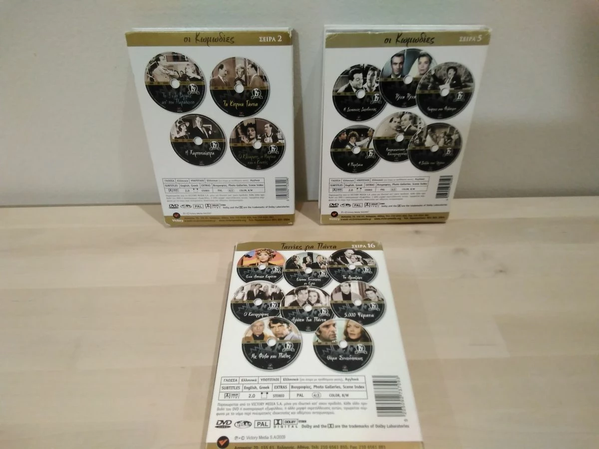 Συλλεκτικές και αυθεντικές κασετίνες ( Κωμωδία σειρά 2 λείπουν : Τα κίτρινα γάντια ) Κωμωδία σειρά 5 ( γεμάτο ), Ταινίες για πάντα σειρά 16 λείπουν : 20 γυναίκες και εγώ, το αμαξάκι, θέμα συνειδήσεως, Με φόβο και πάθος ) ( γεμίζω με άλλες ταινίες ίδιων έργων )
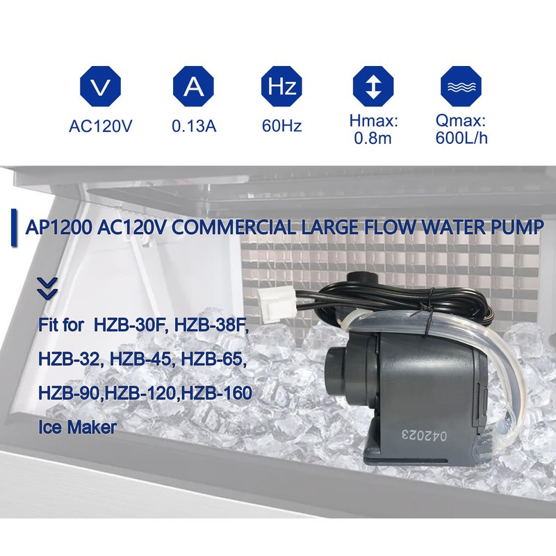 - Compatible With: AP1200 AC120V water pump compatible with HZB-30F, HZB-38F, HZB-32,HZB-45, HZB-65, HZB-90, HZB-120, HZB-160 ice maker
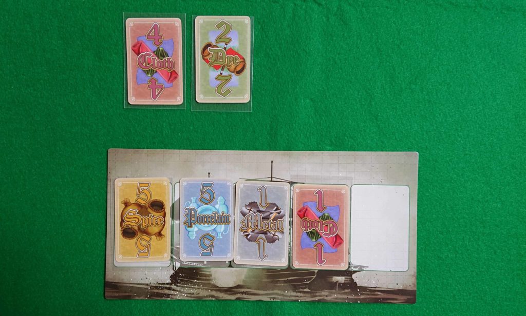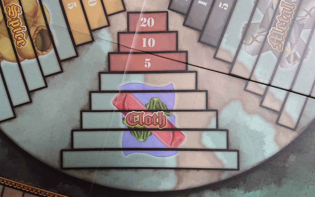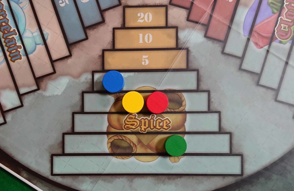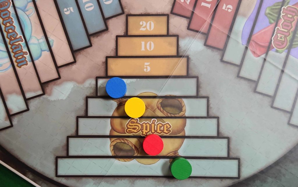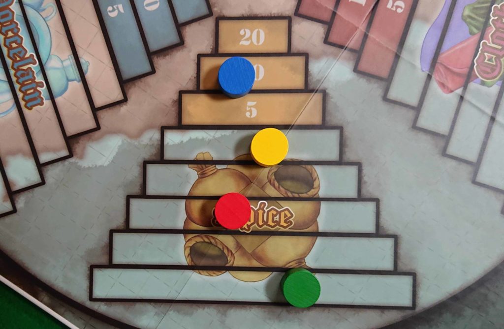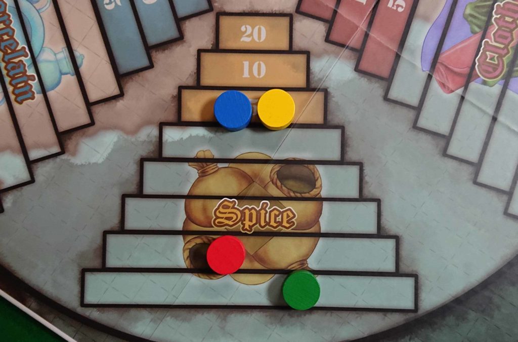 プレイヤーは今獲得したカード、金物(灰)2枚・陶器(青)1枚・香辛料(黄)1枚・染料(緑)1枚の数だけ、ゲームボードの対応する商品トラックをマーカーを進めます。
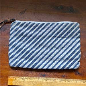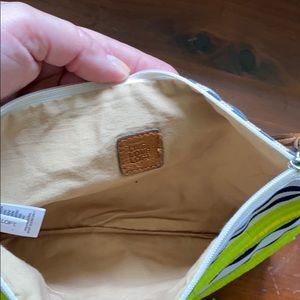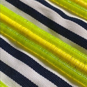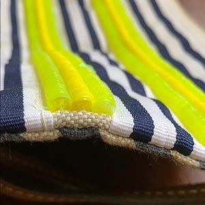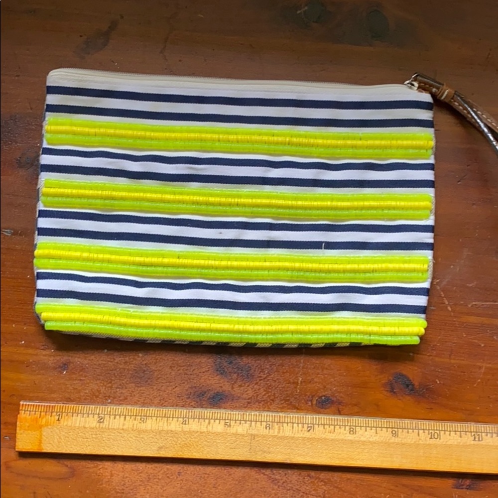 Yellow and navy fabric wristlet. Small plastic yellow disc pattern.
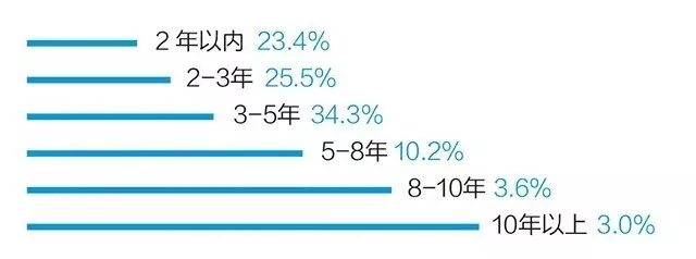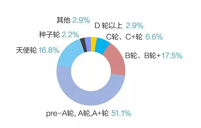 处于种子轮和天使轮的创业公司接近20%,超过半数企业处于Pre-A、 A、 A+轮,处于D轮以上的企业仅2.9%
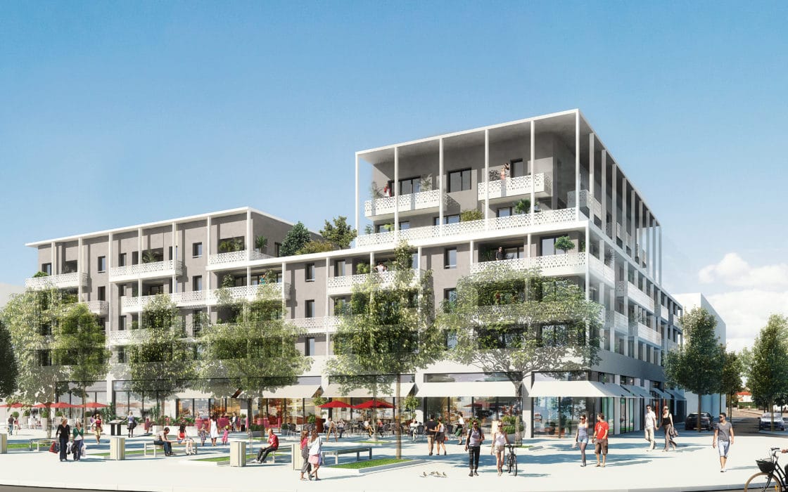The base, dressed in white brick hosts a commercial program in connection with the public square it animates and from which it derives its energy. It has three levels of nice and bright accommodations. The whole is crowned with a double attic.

*****

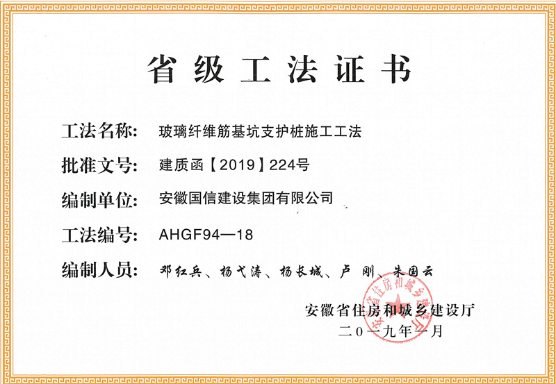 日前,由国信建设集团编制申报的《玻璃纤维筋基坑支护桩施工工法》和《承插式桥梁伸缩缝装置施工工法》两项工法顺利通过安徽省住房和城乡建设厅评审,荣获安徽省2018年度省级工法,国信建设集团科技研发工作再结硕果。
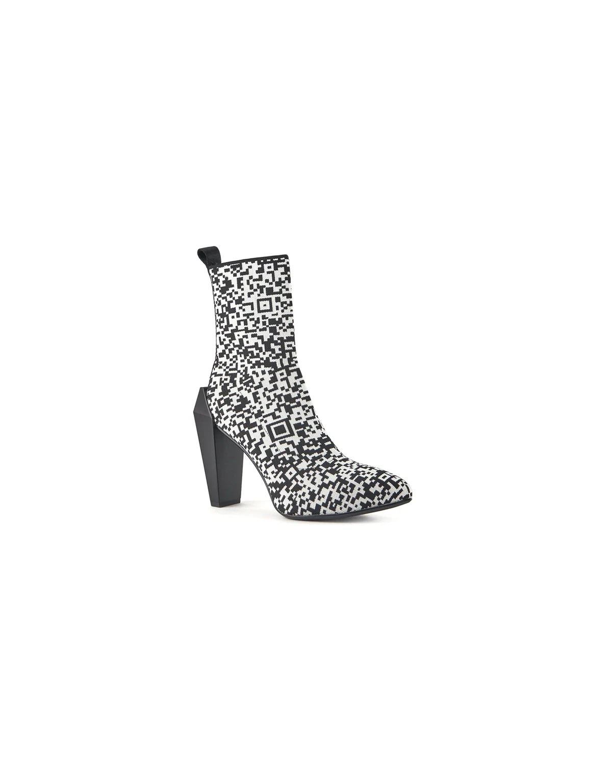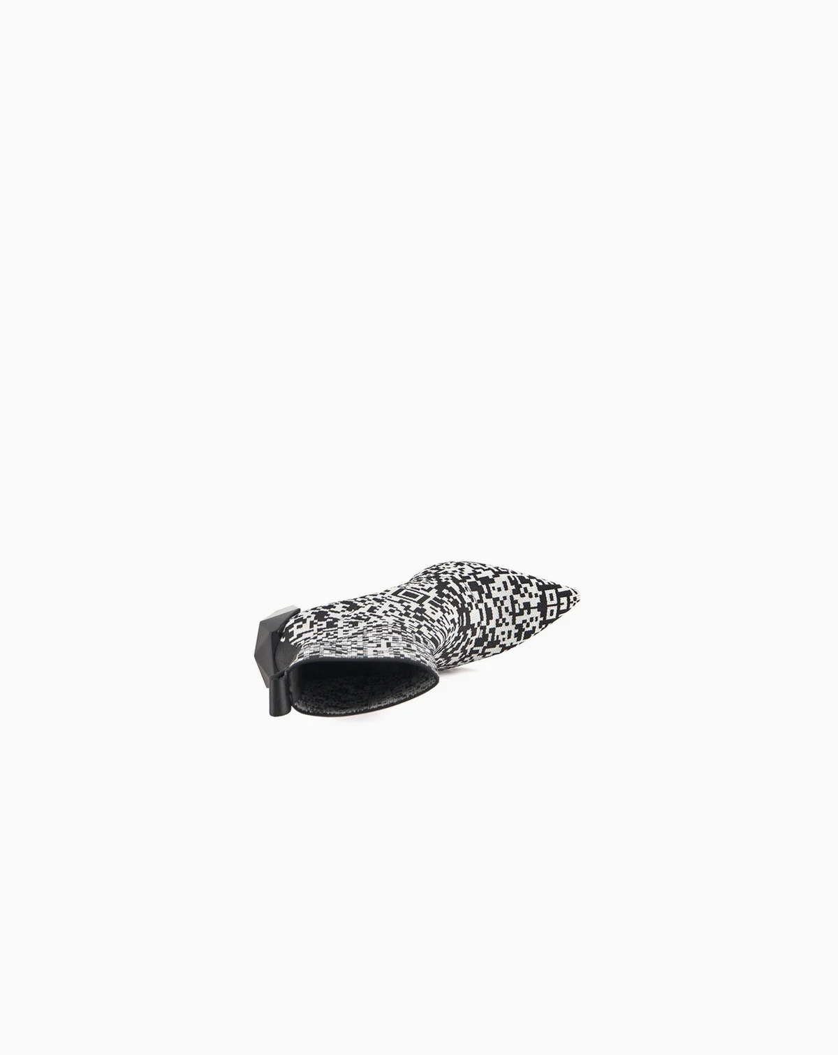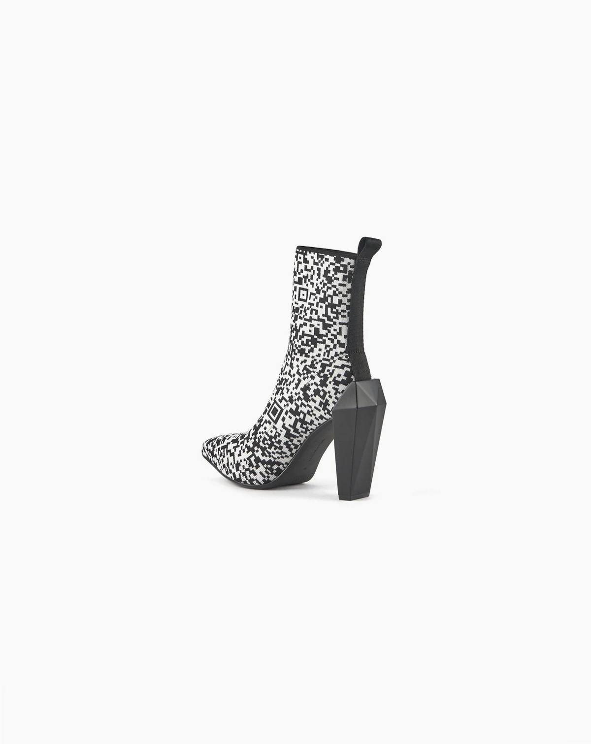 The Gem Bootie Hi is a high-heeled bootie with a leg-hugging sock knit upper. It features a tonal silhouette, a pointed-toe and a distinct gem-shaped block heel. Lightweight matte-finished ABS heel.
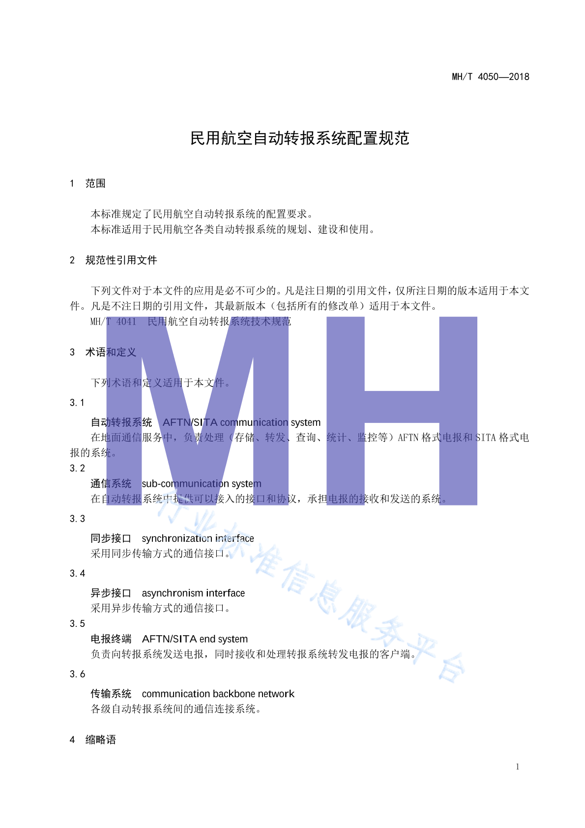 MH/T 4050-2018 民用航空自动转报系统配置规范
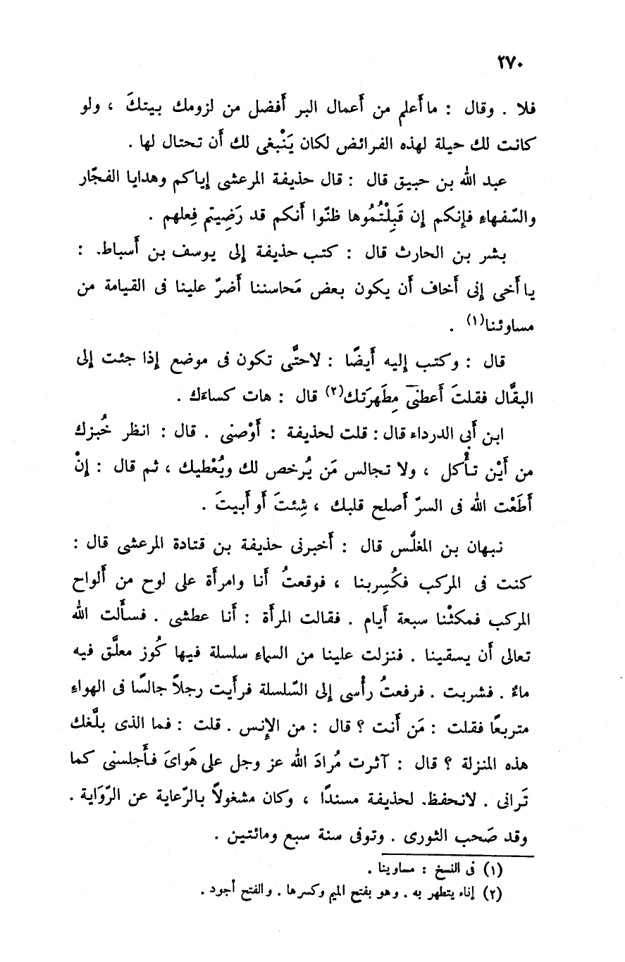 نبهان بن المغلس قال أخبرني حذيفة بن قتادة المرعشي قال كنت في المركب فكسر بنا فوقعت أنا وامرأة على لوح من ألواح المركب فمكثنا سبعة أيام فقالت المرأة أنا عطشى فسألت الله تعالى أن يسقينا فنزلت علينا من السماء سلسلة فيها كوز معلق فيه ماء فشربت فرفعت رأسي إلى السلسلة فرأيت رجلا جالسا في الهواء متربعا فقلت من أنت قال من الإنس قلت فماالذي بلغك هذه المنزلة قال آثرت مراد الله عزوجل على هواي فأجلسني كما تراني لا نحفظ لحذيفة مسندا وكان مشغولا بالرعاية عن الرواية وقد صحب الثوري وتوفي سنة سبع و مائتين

*****

◆ What the task requires
Reproduce the data above exactly, but only from the line containing "日前,由国信建设集团编制申报" through the line containing "MH/T 4050-2018 民用航空自动转报系统配置规范". Omit all pictures.

◆ Response for this exercise
 日前,由国信建设集团编制申报的《玻璃纤维筋基坑支护桩施工工法》和《承插式桥梁伸缩缝装置施工工法》两项工法顺利通过安徽省住房和城乡建设厅评审,荣获安徽省2018年度省级工法,国信建设集团科技研发工作再结硕果。
 The Gem Bootie Hi is a high-heeled bootie with a leg-hugging sock knit upper. It features a tonal silhouette, a pointed-toe and a distinct gem-shaped block heel. Lightweight matte-finished ABS heel.
 MH/T 4050-2018 民用航空自动转报系统配置规范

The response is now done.